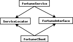 如前面所述,service locator將客戶(hù)和服務(wù)綁定到一起。fortuneinterface只定義了公共接口 ifortunecookie,客戶(hù)可以用它訪問(wèn)cookie消息:
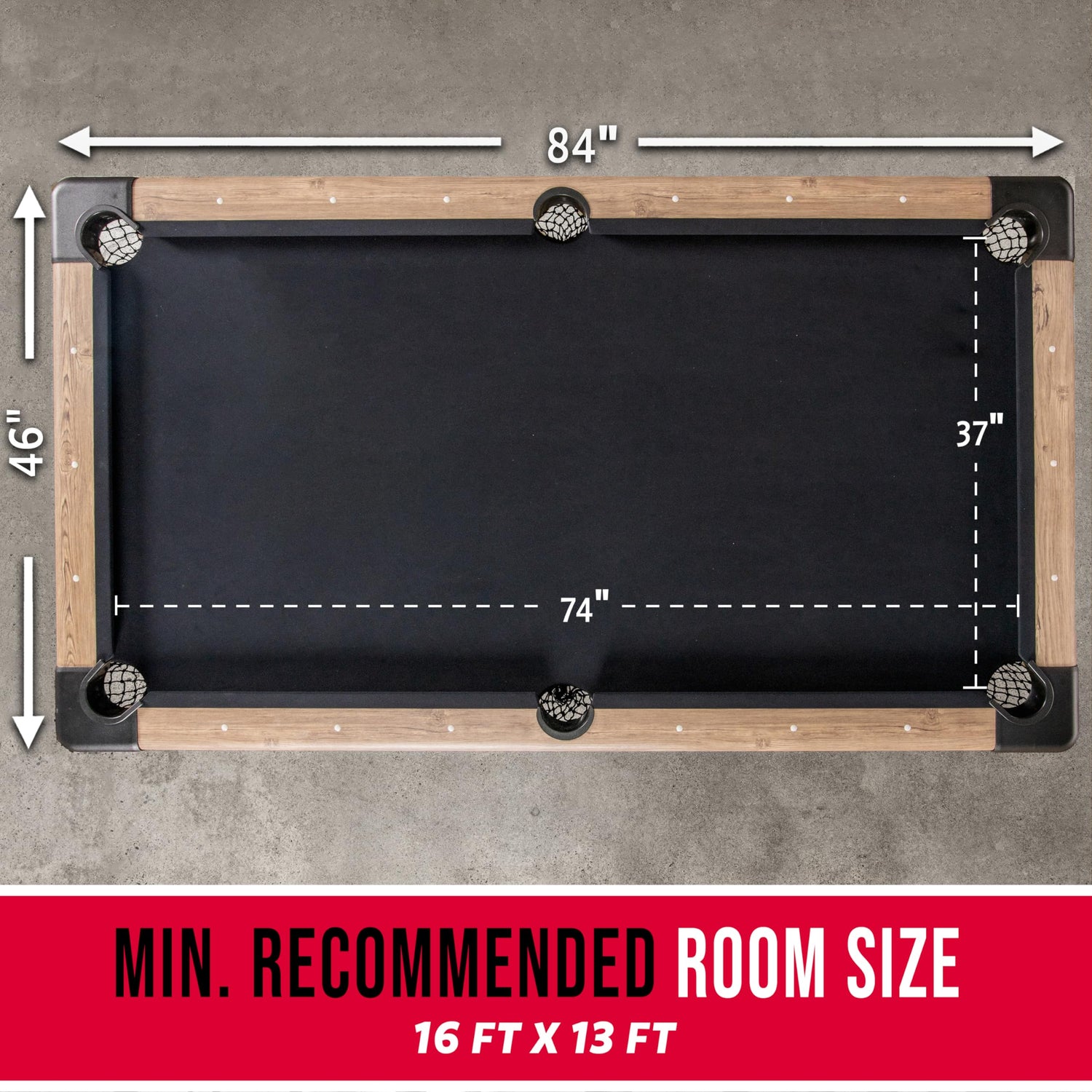 - 7 FT BILLIARDS TABLE: Heavy-duty table measures 84 L x 47 W x 31 H inches; Full set includes 15 regulation balls and cue ball, ball rack, 2 57 inch cue sticks, 2 chalks and felt brush
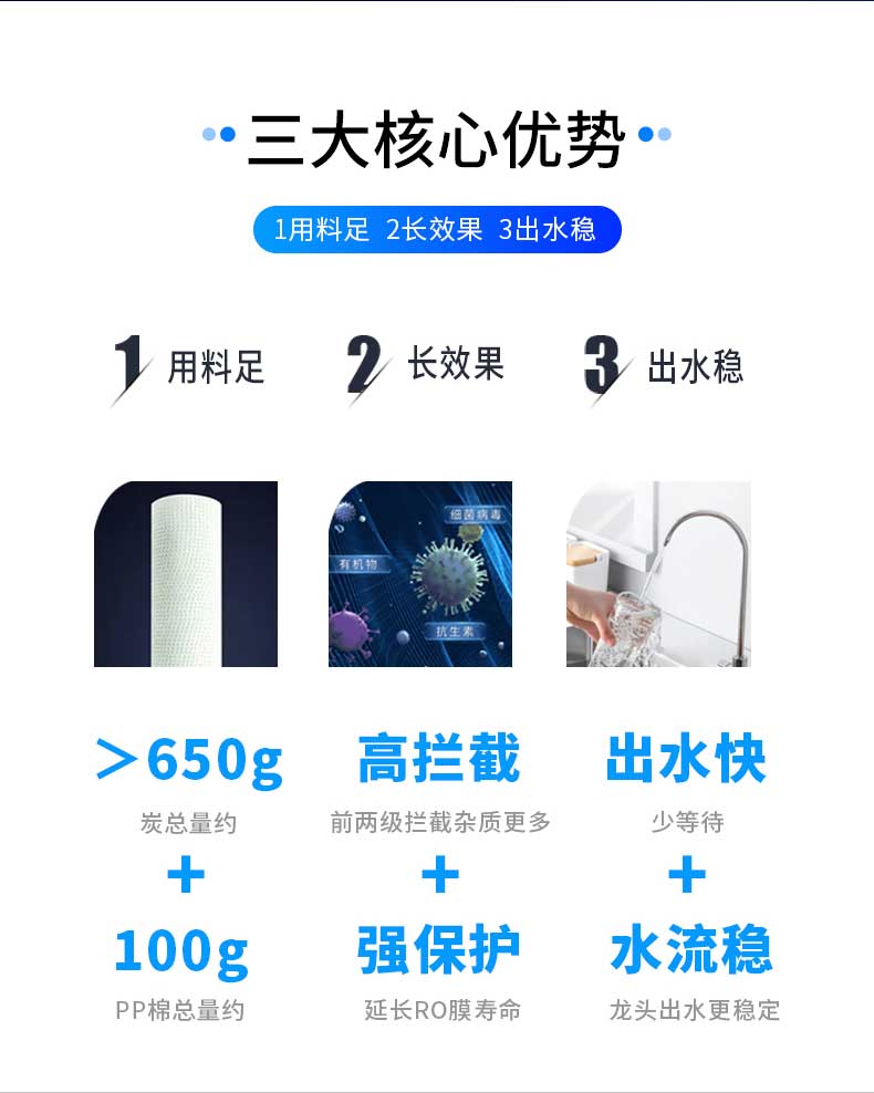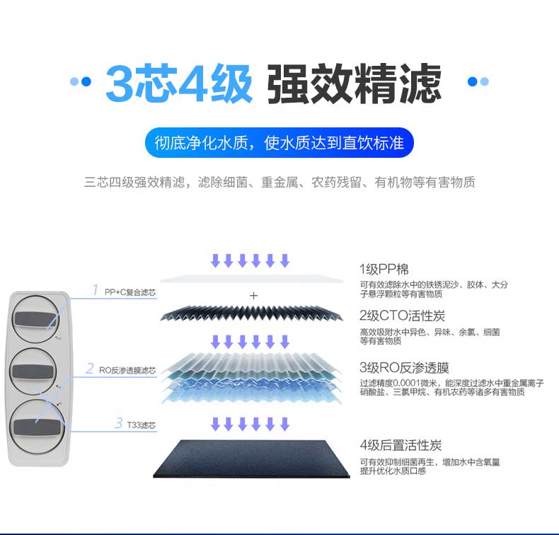 三芯四級強(qiáng)效精濾,濾除99%細(xì)菌重金屬
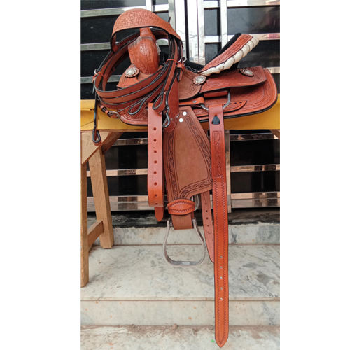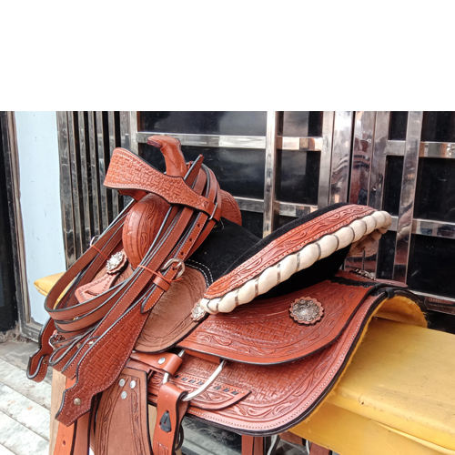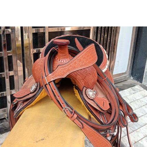 Selle de course de baril en cuir occidental haut de gamme avec arceau en fibre, quincaillerie en acier inoxydable et siège en daim personnalisable

--- ASSIGNED TASK ---
Look for the line that contains "- 7 FT BILLIARDS", then please copy it and the rest of the lines through the end of the data, pictures excluded.

--- ANSWER TO THE PROBLEM ---
 - 7 FT BILLIARDS TABLE: Heavy-duty table measures 84 L x 47 W x 31 H inches; Full set includes 15 regulation balls and cue ball, ball rack, 2 57 inch cue sticks, 2 chalks and felt brush
 三芯四級強(qiáng)效精濾,濾除99%細(xì)菌重金屬
 Selle de course de baril en cuir occidental haut de gamme avec arceau en fibre, quincaillerie en acier inoxydable et siège en daim personnalisable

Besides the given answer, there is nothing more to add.